Sophos is blocking malicious websites, so it can catch things like malware delivered through subverted advertising scripts
It catches Windows viruses in email so I don’t inadvertently propagate them to other people
You read about malware that is able to get past macOS protections before Apple closes the security hole. I feel safer running the third-party antivirus; the malware has to get past both what Apple is doing and the anti-virus scanning.
The 3rd party antivirus gives me more control and reporting of what it is doing than XProtect.
That being said, I don’t think it is wrong for someone just to use the built-in XProtect.
@Simon@alvarnell
The reason(s) running Sophos via Rosetta is unacceptable are
Rosetta whilst it may not cause a major performance hit apparently does have a significant effect on battery life
Rosetta according to a number of reports even if initially installed (manually or by enterprise management tools) is often removed or broken when macOS updates are installed. That is you have to again install a matching Rosetta after upgrading macOS
In an Enterprise environment - where it arguably is more common and more necessary to install Sophos or a similar tool it is also common to have to have many, indeed the majority of users only given standard level user accounts and not admin level. This means the users themselves cannot install Rosetta. Particularly in the case of a tool like Sophos which you need to be confident is always running you cannot allow a window where it is broken due to the lack of Rosetta to enable it.
Therefore a likely scenario of a Mac being initially automatically deployed with Rosetta installed and then Sophos also automatically installed and then later a subsequent macOS upgrade being enforced might result in a Mac ending up with no or a broken Rosetta.

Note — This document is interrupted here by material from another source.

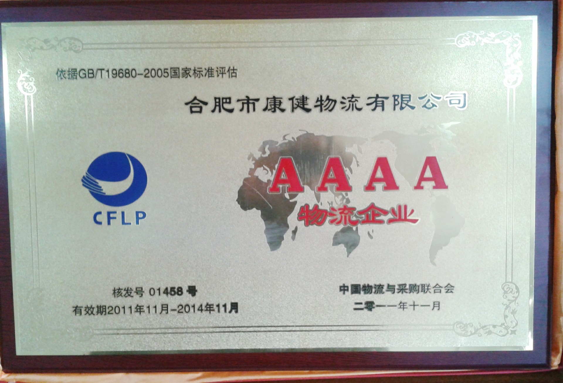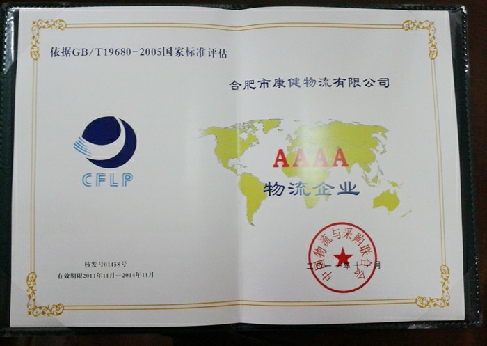 2011年9月24日康健物流通過中國(guó)物流與采購(gòu)聯(lián)合會(huì)物流企業(yè)綜合評(píng)估委員會(huì)“4A級(jí)綜合服務(wù)型物流企業(yè)”的現(xiàn)場(chǎng)評(píng)估和審核,同年12月19日在北京國(guó)家會(huì)議中心獲得證書和授牌。

One could have e.g. Jamf Pro detect the absence of Rosetta and trigger another auto install of Rosetta but between the macOS upgrade and this detection and ‘repair’ would be an interval when Sophos would become disabled. No matter how short this window is, it introduces a period of risk and might at best require an additional restart of the Mac to re-enable Sophos after the reinstallation of Rosetta which is an additional hassle to users further impacting productivity. It is already sadly the case that macOS upgrades/updates are far more time consuming than equivalent Windows 10/11 updates.

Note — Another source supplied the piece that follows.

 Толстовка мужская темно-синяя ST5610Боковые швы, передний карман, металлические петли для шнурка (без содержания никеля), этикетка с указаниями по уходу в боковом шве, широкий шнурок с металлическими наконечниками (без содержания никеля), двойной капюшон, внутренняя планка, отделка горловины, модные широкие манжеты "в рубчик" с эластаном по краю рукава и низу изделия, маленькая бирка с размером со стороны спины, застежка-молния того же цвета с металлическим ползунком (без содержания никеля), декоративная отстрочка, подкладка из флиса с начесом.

Even if the above was not an issue it is inexcusable for a major software company as opposed to a single person ‘hobbyist’ to take over 18 months and counting to update their software for compatibility. Sophos are not the only company at fault here, Dropbox is another example of a company who has yet to provide a native Apple Silicon version.
It actually runs more often in Catalina, Big Sur and probably Monterey:
in his presentation for session 701 of WWDC 2019, Garret Jacobson stated clearly that, in Catalina, XProtect checks the executable code of every app and command tool whenever it’s run, regardless of whether its quarantine flag is set. Prior to Catalina, XProtect is only run when Gatekeeper performs first run checks on an app whose quarantine flag is set, or which hasn’t previously been run from its current path.
Thank you for your comments. I do not want to go in your Sophos comments here, but if you DM I am more than happy to reply. As I said in my post I wanted to add some colour and also be upfront who I worked for.
I am interested in your commend and Rosetta being uninstalled. I have an M1 iMac and have never seen that on my machine. That is very odd.